Studio album by Fat Joe and Remy Ma
- Released: February 17, 2017
- Recorded: 2015–2017
- Genre: Hip hop
- Length: 45:19
- Label: RNG; Empire;
- Producer: 808-Ray; iLL Wayno; Edsclusive; Eric Kovacs; iLLA; Street Runner; Tarik Azzouz; Vindata;

Fat Joe chronology
| The Darkside III (2013) | Plata O Plomo (2017) | Family Ties (2019) |

Remy Ma chronology
| I'm Around (2014) | Plata O Plomo (2017) | Reminisce (TBA) |

Singles from Plata O Plomo
- "All the Way Up" Released: March 2, 2016; "Cookin" Released: August 3, 2016; "Money Showers" Released: November 11, 2016; "Heartbreak" Released: June 11, 2017;

= Plata O Plomo =

Plata O Plomo is the collaborative studio album by American rappers Fat Joe and Remy Ma, released February 17, 2017 by RNG (Rap's New Generation) and Empire.

==Background==
The title of the album, "plata o plomo", translates from Spanish to "silver or lead", meaning "money or bullets". The phrase was used by Colombian drug lord Pablo Escobar who would offer government officials and law enforcement the choice of taking a bribe, or having a murder contract placed against them.
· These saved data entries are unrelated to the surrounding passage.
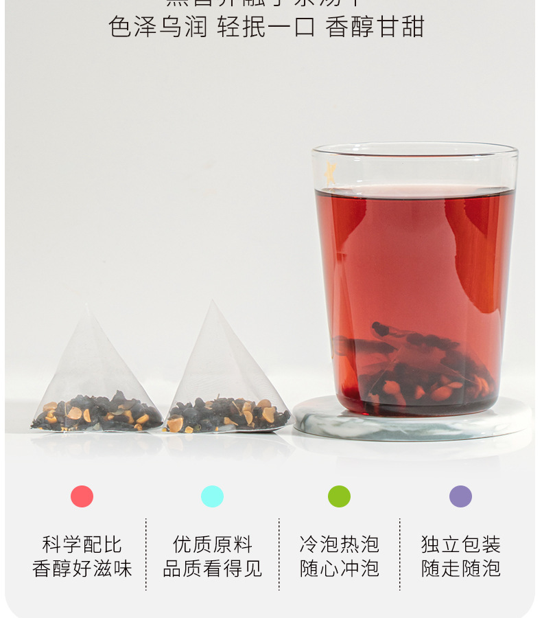 【悦黑靓茶❗️润养免煮五黑茶】甄选黑米、黑豆、桑葚、黑枸杞、黑芝麻!真材实料,以黑养黑,悦发滋养谷物袋泡茶包养健康
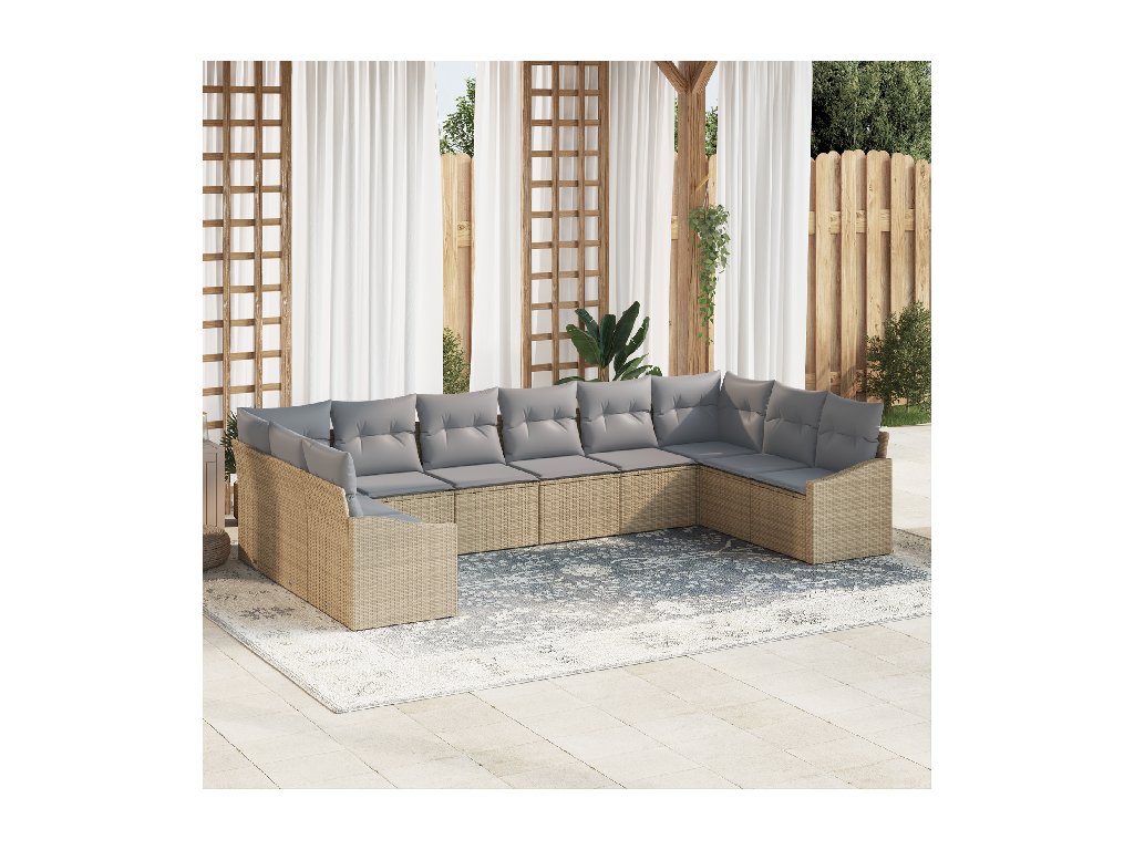 Sada zahradních pohovek 10 pcs Béžová a Světle šedá polyratan
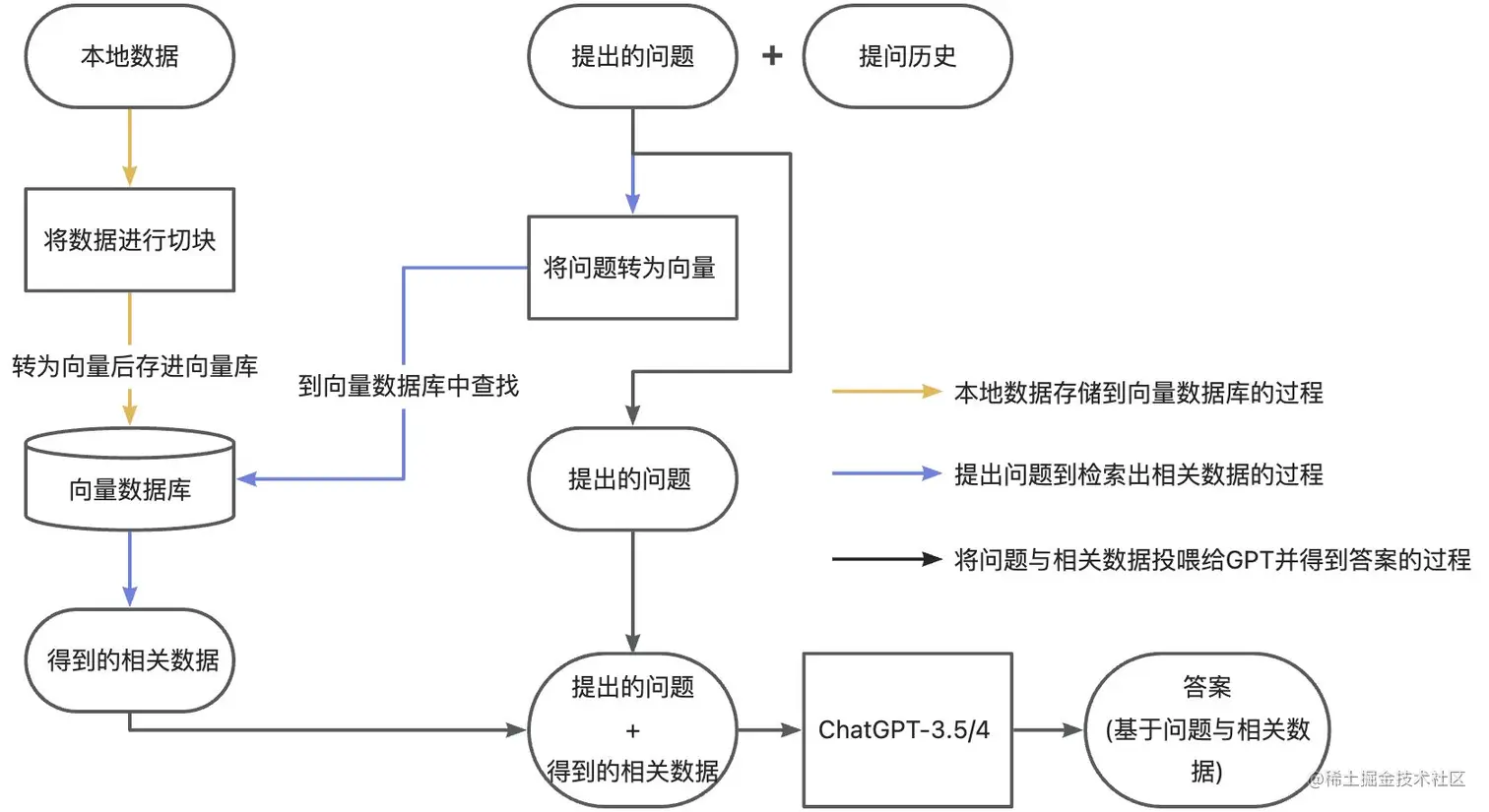 2.取出查找到的相关的数据资料,与提出的问题一起喂给GPT3.5/4。
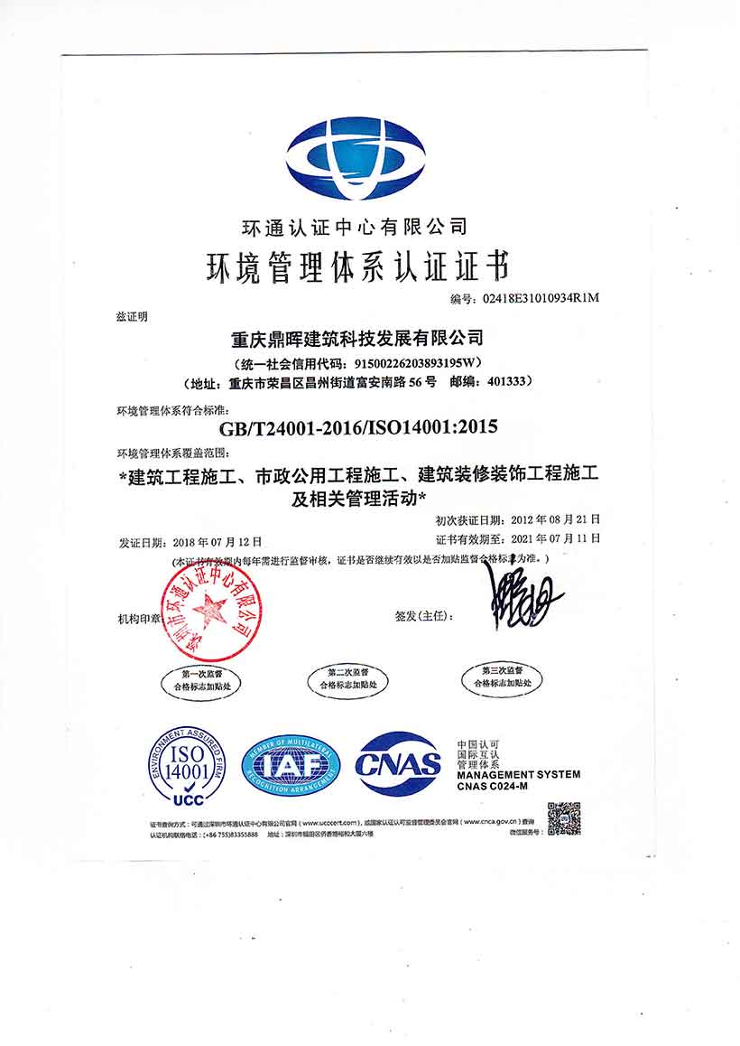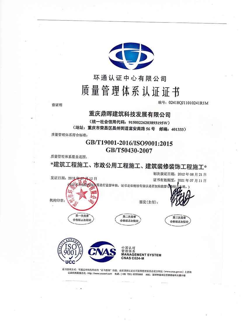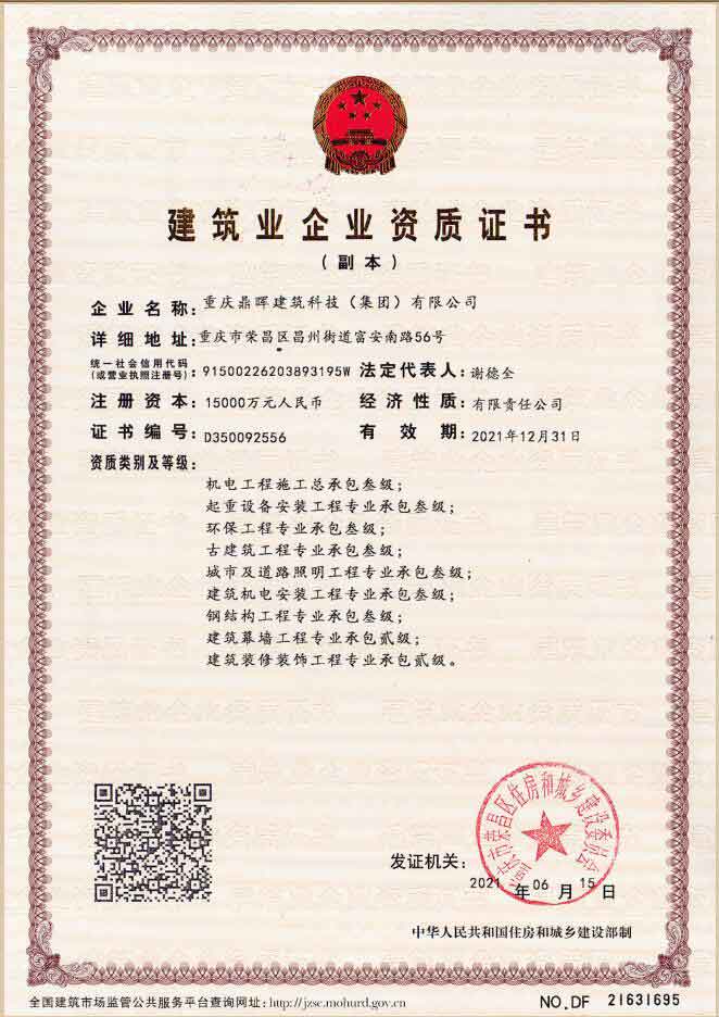 重庆鼎晖建筑科技(集团)有限公司(以下简称鼎晖建科)成立于2001年8月31日,注册资本1.5亿元。拥有房屋建筑施工总承包壹级资质、装饰装修工程专业承包壹级资质、建筑幕墙专业承包贰级资质等,通过IS09001 质量管理体系、ISO14001环境管理体系认证及OHSAS18001职业健康安全管理体系。

Fat Joe commented: "The name of the album is called Plata o Plomo... money or bullets. You know what I'm saying? However you want it."

==Critical response==

Neil Yeung of AllMusic gave the album 3.5 out of 5 stars, praising the album for its mix of old school hip-hop with a new modern radio-friendly sound, saying that the album "plays like a mixtape (or playlist) with a wide variety of club-friendly hip-hop that often tugs on '90s nostalgia heartstrings while updating their sound with 2017 production". XXL gave the album four out of five stars, noting that the album is a "a triumphant return for Fat Joe and Remy Ma. Scott Glaysher of HipHopDX gave the album a 3.2 out of 5 stars, saying: "Plata O Plomo was definitely made with the right intentions and features some solid rapping but the most memorable moment remains “All the Way Up” which has since been inducted into Hip Hop's overplayed archives."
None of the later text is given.